Tiling array analysis is widely used in eukaryotes to study transcriptional complexity and identifying non-coding transcripts [49-52]. Recent studies in Mycobacterium leprae and E.coli described whole genome tiling array approach for sRNA identification . Parallel sequencing technology was used for sRNA identification in Salmonella  and Vibrio cholerae . Individual experimental studies [10,15] altogether identified 14 sRNAs in two different strains of S. pneumoniae (D39 and R6 strain). To our knowledge, this is the first study to report the use of whole genome tiling arrays for experimental identification of sRNAs at a global scale in S. pneumoniae. The tiling array analysis method described here is a combination of the methods described by others [49,52], but tailored for prokaryotic genomes. Hfq protein plays a central role in sRNA function in E. coli, facilitating the pairing of sRNA with its mRNA target . One experimental approach for sRNA identification in bacteria could be the co-immunoprecipitation of sRNA using Hfq antibodies . However, S. pneumoniae TIGR4 genome does not code for Hfq protein which precludes applying this method to TIGR4 genome. Therefore, tiling array approach described in this study is a pragmatic experimental approach for identifying sRNAs. Identifying the sRNA repertoire of TIGR4 is the first step towards understanding the sRNA regulatory network of this human pathogen.
The transcriptome map generated in this study identified expression in two thirds of TIGR4 genome. Tiling array analyses of E. coli and yeast reported expression of 87% and 90% of the genome respectively [50,54]. Compared to these studies, TIGR4 genome expression in this study was relatively in lower proportion (68%). Possible reasons for this lower expression could be the growth conditions and/or the stringent intensity cutoff used for identification of expressed regions. We choose a stringent intensity cutoff (11.0) to maintain a low false positive rate (1.63%) for identifying sRNAs, which are usually short in length (50-200 bp).

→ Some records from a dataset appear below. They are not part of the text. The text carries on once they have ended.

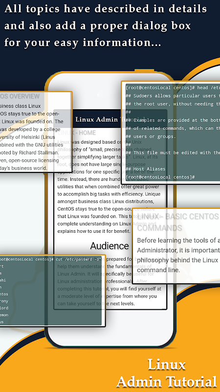 Pengguna untuk mempelajari Linux dan semua topik yang berkaitan dengannya secara langkah demi langkah.Apl ini menyediakan asas Linux yang cemerlang dan juga dengan konsep teras Linux.
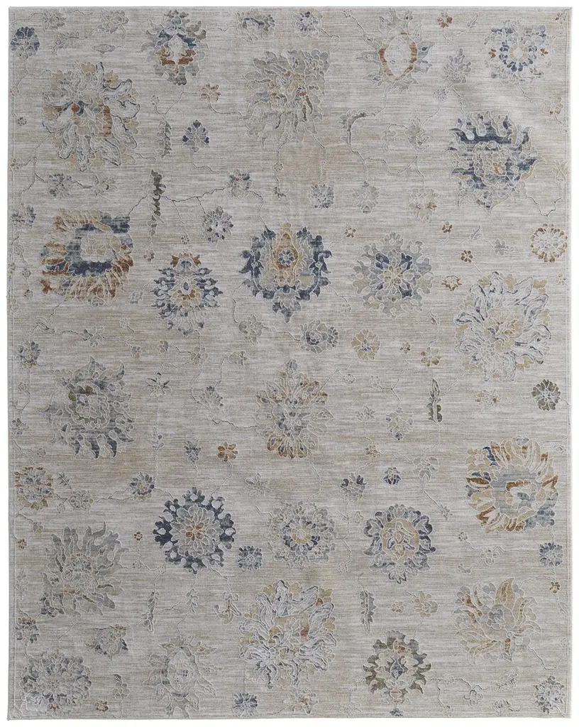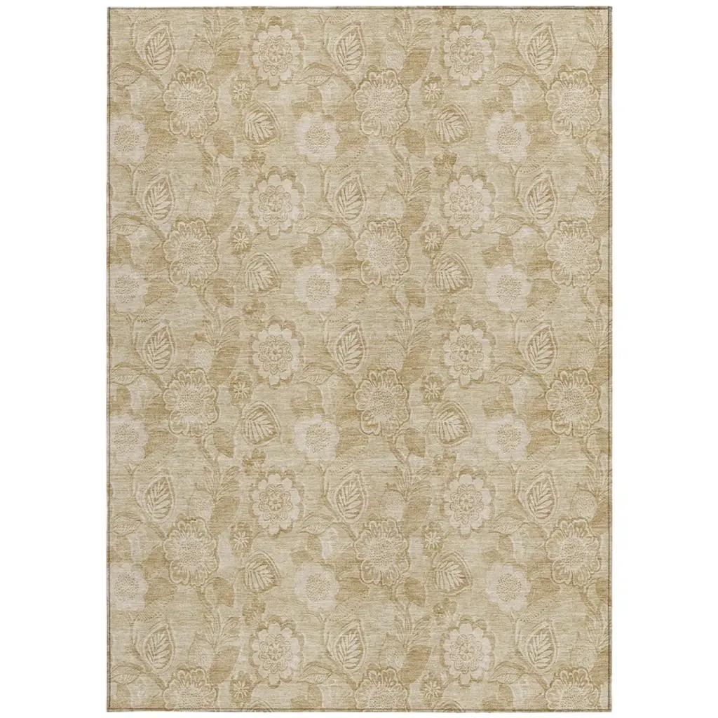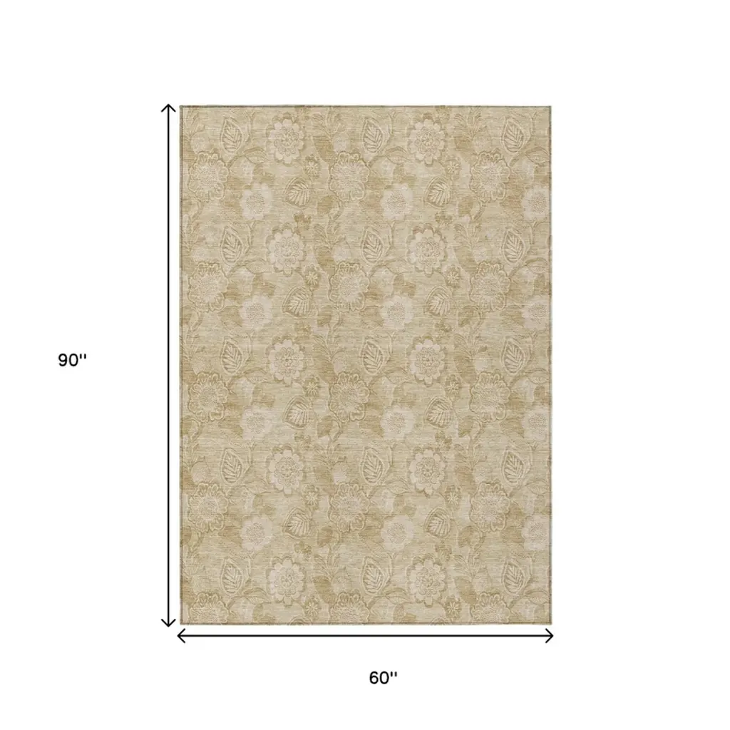 Homeroots 5' X 8' Beige And Tan Floral Washable Indoor Outdoor Area Rug
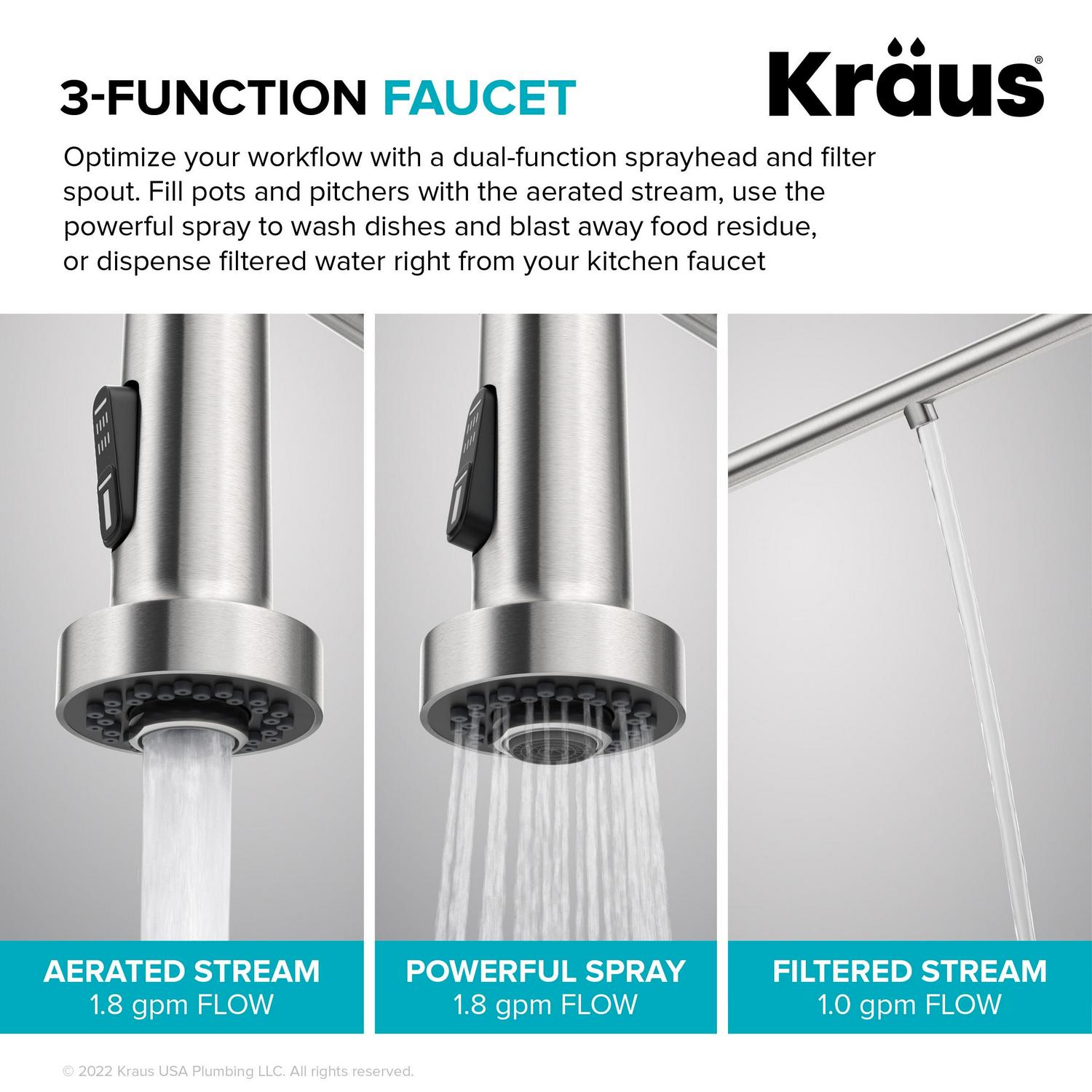 – 3-FUNCTION FAUCET: Switch between aerated stream for everyday cleaning, powerful spray for heavy-duty rinsing, or dispense filtered water right from your kitchen faucet

As a result, we report for the first time genome-wide identification of 50 novel sRNAs in pneumococcus using tiling arrays. Additional features, such as presence of a promoter and rho-independent terminator, were computationally predicted for identified sRNAs. Almost half of the identified sRNAs showed the presence of a rho-independent terminator. As speculated by others [29,55], our analysis indicates that identification of rho-independent terminator sequence is the strongest determinant for the identification of sRNA. Furthermore, the identification of rho-independent terminator downstream from sRNA sequences helped us in differentiating the sRNAs from the 5' untranslated extensions of genes. However, it is possible that some sRNAs may be associated with a rho-dependent terminator and thus would not be identified in our search.

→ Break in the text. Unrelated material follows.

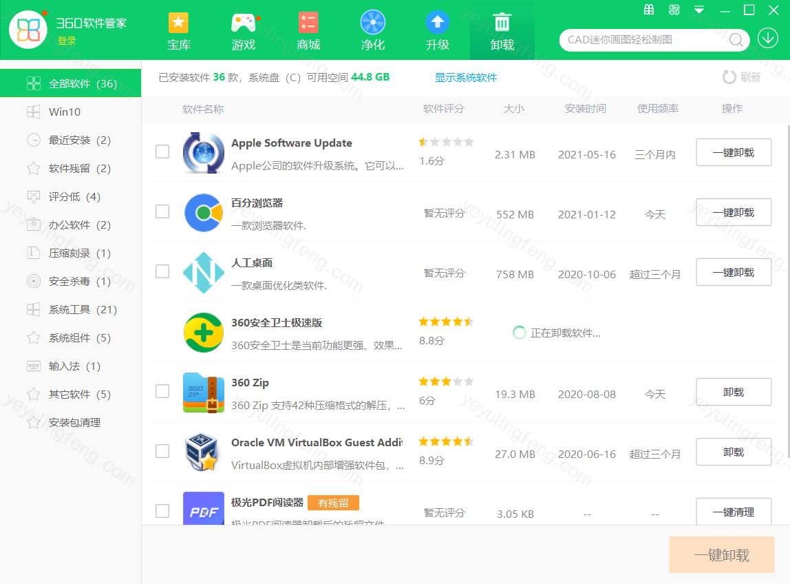 最后有一点还是值得夸夸的,老夜测试完毕看到360软件市场突然灵光一现,在软件管理中发现居然能卸载360安全卫士,整个过程一点都不拖泥带水卸载完后原本安装附赠的软件市场也没了,妙啊!

Comparative genomics of sRNA sequences revealed that only six sRNA sequences involved in various regulatory activities were conserved beyond Streptococcaceae (example Lactobacillus, Clostridium, Bacillus (Table (Table1).1). The evolutionary tree of Streptococcus family  indicates that S. mitis, S. gordonii, S. sanguinis SK36 are phylogenetically closer to S. pneumoniae than other species (like S. pyrogens, S. mutans or S. bovis) which explains the conservation of 25 sRNAs in S. mitis, S. gordonii, and S. sanguinis SK36), but not present in other species like S. pyogenes, S. mutans, or S. bovis.. It also indicates that sRNA prediction algorithms that rely on comparative genomics need to first account for the observed low sequence conservation of sRNAs among different species . Our results suggest that computational methods which rely on comparative genomics to find sRNAs need to focus on carefully selected closely related species. The 50 sRNAs identified in this study along with their comparative genomics could serve as a training dataset for further computational sRNA predictions in pneumococcus, particularly for the identification of sRNAs which are not expressed under our experimental conditions. At last, we speculate that computational prediction of Streptococcus sRNAs using comparative genomics with S. mitis, S. gordonii, and S. sanguinis SK36 will identify new as yet undescribed sRNAs.

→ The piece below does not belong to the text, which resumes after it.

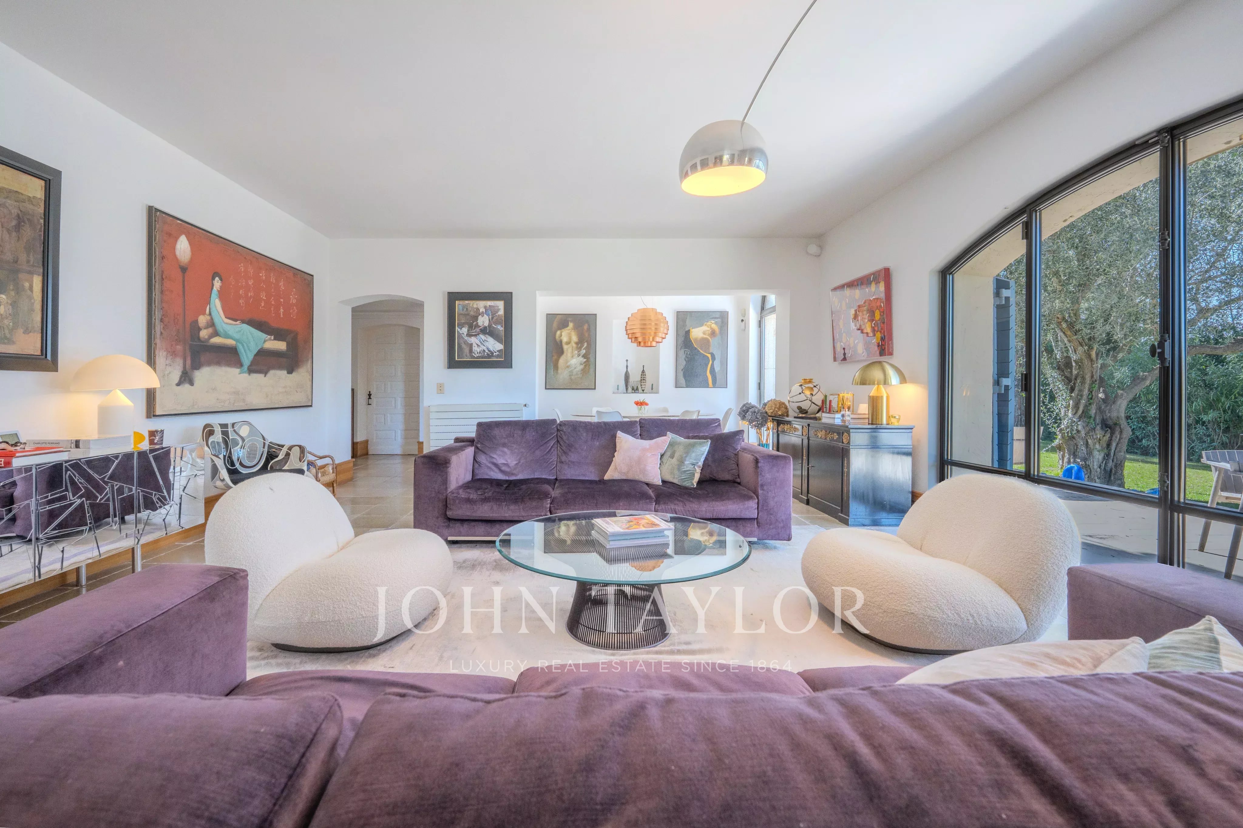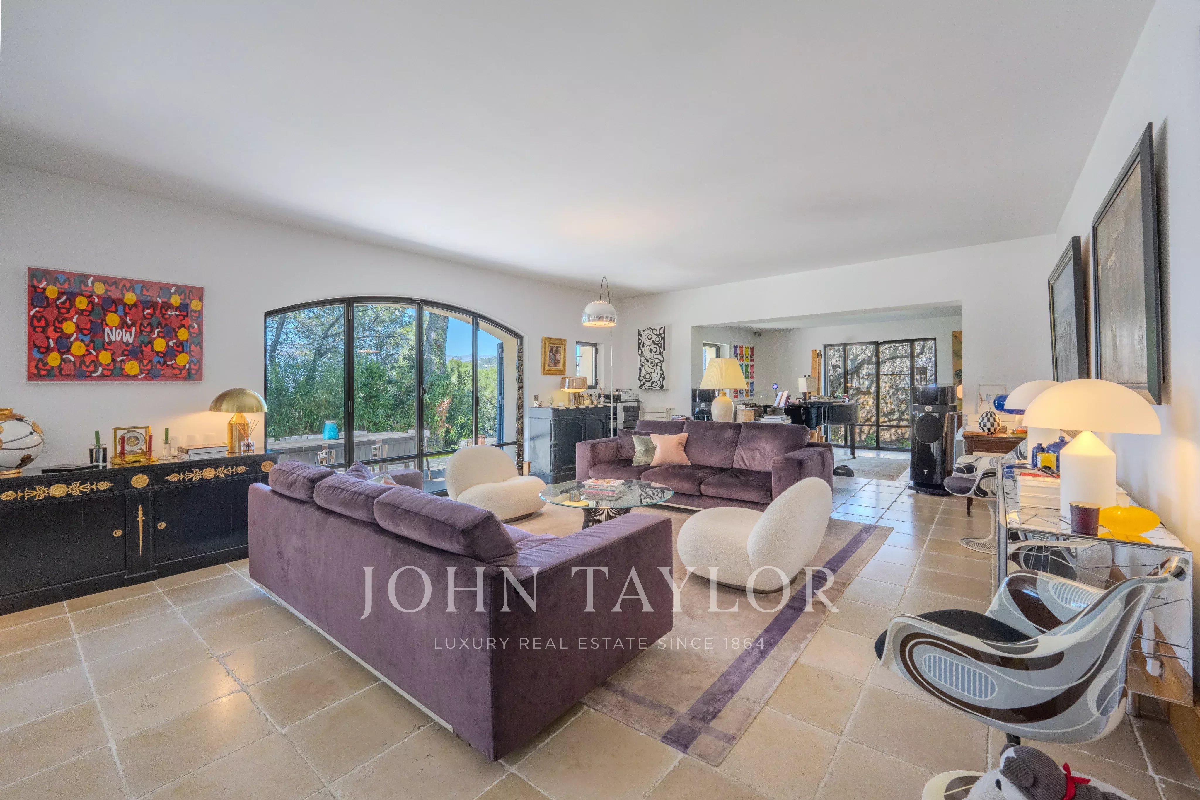 From the entrance, the property reveals a large living space harmoniously structured into several ambiances: a reception lounge, a music area, a cozy fireplace corner, and an office, offering an atmosphere that is both convivial and refined. A dining room and a spacious kitchen complete this single-story ensemble.

Exploring the sequence characteristics of sRNAs described in this study showed that sRNAs predicted to have similar biological function share common sequence motif. We identified 8 sequence motifs, of which five were identified in TIGR4 for the first time. Members of the motif group without predicted function could have similar structural or functional properties. For example SN20 had motif M3 and might function as a FMN switch similar to SN4 and SN10, which also contain this motif. Likewise, sRNAs present in motif group M4 could be predicted to have similar yet undefined function. Structural analysis of motif (Additional file 4) suggests that they mainly form two kinds of structure in sRNAs; firstly, the whole motif forms a stem loop structure (like motif M5) and secondly, the motif is present as two stem loop structures including the unpaired region between them (like motif M6). Furthermore, motifs present in sRNAs with similar function also formed a conserved secondary structure (for example, motifs M1, M2, and M5). We speculate that (SN32 and SN38), (SN16 and SN29), (SN21, SN24 and SN33), (SN14 and SN37) contains similar motif structure and might share similar yet unknown structure/function. This structural conservation of motifs also suggests that motif regions of sRNA could be structurally or functionally important regions and can be used as targets for mutational studies to decipher function.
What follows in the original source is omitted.